W przypadku Aérocarène trudno w zasadzie mówić o francuskim samochodzie, a już na pewno o jakiejś jego seryjnej produkcji. Niemniej jednak taki pojazd powstał i choć był to w zasadzie prototyp, którego nie udało się (o czym za chwilę) wdrożyć do produkcji, to myślę, że warto mu poświęcić kilka słów.
W październiku 1947 roku na salonie samochodowym w Paryżu pojawił się trójkołowy pojazd o nazwie Aérocarène 700. Został opracowany w ciągu roku przez dwóch francuskich inżynierów lotnictwa, Christiana Desbenoîta i Georgesa Bodu. Techniczną proweniencję obu panów wyraźnie widać w projekcie: Aérocarène 700 ma bardzo opływowe kształty.
Pojazd ważył niespełna 300 kg i był napędzany niewielkim, bo tylko 684-centymetrowym dwucylindrowym dwusuwowym silniczkiem generującym 23 KM mocy maksymalnej. Mimo to potrafił się rozpędzić do 140 km/h. Zmianą przełożeń zajmowała się elektromagnetyczna czterobiegowa przekładnia Cotal. Pojazd zużywał 3-4 litry benzyny na 100 km.
Stylistycznie pojazd może nie był szczególnie urodziwy, ale konstruktorom chodziło o zapewnienie niskiego oporu aerodynamicznego. Stąd zabudowane przednie koła, które skręcały wraz z owymi błotnikami. Na szczycie tychże umieszczono reflektory, w efekcie czego wraz ze skrętem kół zmieniał się też kierunek padania światła. W tym względzie Citroën DS wcale nie był pierwszy ;-) Acz przyznać należy, że w limuzynie Citroëna było to realizowane w inny sposób.
Ciekawie rozwiązano wsiadanie do Aérocarène 700. Przesuwało się do przodu całą kabinę wraz z maską, po czym nasuwało się ją z powrotem.
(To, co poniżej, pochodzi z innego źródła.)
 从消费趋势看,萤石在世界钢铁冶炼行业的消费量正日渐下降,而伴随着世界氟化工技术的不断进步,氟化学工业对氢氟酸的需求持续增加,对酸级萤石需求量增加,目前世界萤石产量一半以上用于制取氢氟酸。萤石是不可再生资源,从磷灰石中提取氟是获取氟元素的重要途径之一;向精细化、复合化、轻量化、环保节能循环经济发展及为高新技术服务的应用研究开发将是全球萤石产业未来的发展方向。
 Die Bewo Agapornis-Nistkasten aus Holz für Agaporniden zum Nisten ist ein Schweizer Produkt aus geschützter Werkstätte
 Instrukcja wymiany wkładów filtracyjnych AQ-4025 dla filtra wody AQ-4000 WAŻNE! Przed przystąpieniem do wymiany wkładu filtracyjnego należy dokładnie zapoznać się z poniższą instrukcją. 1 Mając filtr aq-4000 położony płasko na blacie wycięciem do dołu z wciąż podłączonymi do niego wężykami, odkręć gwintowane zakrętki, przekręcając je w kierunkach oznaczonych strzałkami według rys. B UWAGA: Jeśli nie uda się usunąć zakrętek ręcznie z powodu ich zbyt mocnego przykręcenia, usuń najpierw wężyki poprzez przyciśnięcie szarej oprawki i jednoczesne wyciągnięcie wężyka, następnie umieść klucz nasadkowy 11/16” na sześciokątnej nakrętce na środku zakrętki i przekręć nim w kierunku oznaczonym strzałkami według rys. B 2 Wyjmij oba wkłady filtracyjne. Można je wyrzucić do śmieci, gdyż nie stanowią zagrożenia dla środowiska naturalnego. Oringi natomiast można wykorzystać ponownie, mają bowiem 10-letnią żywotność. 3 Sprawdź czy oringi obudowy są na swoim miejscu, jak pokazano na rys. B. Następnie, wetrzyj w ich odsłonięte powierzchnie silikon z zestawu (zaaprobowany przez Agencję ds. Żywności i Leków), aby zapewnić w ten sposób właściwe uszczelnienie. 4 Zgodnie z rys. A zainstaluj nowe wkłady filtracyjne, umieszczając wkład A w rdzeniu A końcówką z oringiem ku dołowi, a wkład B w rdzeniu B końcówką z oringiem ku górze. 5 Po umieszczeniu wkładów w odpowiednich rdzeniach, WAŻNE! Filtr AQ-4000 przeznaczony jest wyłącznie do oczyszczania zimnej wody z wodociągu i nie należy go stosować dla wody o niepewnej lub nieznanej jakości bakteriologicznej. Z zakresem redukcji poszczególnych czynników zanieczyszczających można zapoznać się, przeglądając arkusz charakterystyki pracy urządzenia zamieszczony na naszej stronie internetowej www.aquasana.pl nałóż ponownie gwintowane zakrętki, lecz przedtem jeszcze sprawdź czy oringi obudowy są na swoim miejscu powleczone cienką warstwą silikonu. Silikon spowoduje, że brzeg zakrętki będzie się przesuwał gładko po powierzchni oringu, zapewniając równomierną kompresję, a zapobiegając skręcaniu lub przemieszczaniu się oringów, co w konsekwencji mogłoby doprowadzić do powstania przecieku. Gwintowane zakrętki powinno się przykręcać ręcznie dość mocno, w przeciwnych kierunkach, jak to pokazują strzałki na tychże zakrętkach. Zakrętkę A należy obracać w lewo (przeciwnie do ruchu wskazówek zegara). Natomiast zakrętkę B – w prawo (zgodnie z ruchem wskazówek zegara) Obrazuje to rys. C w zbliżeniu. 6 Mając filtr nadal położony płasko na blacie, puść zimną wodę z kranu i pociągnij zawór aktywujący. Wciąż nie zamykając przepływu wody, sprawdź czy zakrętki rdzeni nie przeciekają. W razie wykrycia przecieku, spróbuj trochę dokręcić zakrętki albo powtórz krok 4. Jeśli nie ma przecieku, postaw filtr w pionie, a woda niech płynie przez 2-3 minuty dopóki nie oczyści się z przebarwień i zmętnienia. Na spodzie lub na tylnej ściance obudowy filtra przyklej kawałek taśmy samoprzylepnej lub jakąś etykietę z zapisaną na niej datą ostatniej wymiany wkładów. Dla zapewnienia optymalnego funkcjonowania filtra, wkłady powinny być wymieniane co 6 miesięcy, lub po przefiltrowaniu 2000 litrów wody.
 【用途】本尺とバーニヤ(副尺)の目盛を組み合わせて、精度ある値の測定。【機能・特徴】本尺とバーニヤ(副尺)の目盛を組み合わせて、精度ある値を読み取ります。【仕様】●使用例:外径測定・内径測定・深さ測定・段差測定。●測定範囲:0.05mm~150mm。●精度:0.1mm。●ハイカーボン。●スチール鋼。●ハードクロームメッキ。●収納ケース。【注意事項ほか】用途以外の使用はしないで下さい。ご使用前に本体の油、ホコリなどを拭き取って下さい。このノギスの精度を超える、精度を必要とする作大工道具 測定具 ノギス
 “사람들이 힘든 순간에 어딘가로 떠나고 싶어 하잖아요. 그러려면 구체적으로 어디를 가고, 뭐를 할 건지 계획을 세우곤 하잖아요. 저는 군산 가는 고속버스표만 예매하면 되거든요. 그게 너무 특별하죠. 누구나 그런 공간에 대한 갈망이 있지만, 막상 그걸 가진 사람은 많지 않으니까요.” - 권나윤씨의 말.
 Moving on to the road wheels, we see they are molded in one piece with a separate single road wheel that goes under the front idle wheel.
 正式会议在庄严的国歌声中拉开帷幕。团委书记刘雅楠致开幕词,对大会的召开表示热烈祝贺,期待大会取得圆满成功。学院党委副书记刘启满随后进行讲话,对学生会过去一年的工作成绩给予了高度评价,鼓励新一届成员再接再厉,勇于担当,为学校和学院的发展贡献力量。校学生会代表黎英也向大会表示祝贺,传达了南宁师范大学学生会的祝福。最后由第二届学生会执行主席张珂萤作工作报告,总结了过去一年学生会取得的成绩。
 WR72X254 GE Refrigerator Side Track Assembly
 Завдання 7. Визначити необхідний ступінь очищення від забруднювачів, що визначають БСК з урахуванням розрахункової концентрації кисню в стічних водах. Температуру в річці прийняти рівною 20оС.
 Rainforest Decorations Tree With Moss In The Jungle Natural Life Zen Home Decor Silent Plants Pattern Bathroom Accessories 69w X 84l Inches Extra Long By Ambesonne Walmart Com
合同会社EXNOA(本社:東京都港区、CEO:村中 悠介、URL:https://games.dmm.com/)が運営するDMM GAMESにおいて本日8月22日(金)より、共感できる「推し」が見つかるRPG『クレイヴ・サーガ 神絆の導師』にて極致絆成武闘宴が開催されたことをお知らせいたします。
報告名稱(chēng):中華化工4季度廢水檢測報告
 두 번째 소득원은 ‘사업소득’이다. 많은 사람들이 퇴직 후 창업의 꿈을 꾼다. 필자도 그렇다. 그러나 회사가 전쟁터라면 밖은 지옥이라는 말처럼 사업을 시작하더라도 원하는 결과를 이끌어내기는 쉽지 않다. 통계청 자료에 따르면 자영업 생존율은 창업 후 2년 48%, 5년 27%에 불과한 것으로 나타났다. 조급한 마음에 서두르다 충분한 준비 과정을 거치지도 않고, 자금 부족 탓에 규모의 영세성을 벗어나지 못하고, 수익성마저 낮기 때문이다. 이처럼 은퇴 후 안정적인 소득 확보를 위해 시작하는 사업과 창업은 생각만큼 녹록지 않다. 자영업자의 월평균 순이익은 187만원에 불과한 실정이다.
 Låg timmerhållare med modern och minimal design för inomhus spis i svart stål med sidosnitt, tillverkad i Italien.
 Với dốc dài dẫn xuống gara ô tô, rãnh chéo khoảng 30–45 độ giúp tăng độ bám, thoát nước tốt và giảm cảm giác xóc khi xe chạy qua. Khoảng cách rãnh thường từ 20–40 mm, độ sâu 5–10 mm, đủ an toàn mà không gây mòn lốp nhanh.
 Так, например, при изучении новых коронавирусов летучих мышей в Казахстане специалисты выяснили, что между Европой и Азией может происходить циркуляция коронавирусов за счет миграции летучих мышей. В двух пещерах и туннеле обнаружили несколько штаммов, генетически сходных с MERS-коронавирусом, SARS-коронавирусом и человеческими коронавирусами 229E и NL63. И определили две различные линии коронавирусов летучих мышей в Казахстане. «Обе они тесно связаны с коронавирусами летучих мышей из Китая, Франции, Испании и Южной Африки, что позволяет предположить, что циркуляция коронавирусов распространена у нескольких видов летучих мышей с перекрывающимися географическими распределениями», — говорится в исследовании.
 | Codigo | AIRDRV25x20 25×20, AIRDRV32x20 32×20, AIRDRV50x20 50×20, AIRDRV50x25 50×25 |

Kabina pasażerska była mocno przeszklona – wraz z dachem – co stanowi kolejne nawiązanie do lotnictwa. Pojazd zapewniał miejsce dla dwóch osób oraz całkiem spory bagażnik.
Dzięki takiej konstrukcji kierowca i pasażer znajdowali się bardzo blisko naturalnego środka ciężkości pojazdu, co zapewniało też równomierny rozkład masy na poszczególne koła. Zawieszenie miało – według doniesień z epoki – zmienną charakterystykę. Długie drążki skrętne, amortyzatory hydrauliczne Houdaille i przedni stabilizator sprawiły, że udało się zachować bardzo wysoki komfort płynący z miękkiego zawieszenia przy nienagannym trzymaniu się drogi.
Promotorom projektu nie udało się zdobyć poparcia urzędników państwowych. W tamtym, powojennym czasie, było to niezbędne, bowiem producenci samochodów potrzebowali pozwolenia na produkcję samochodów. Brak takiego zezwolenia uniemożliwił zakup materiałów. W związku z brakiem takowego zezwolenia projekt Aérocarène musiał zostać porzucony.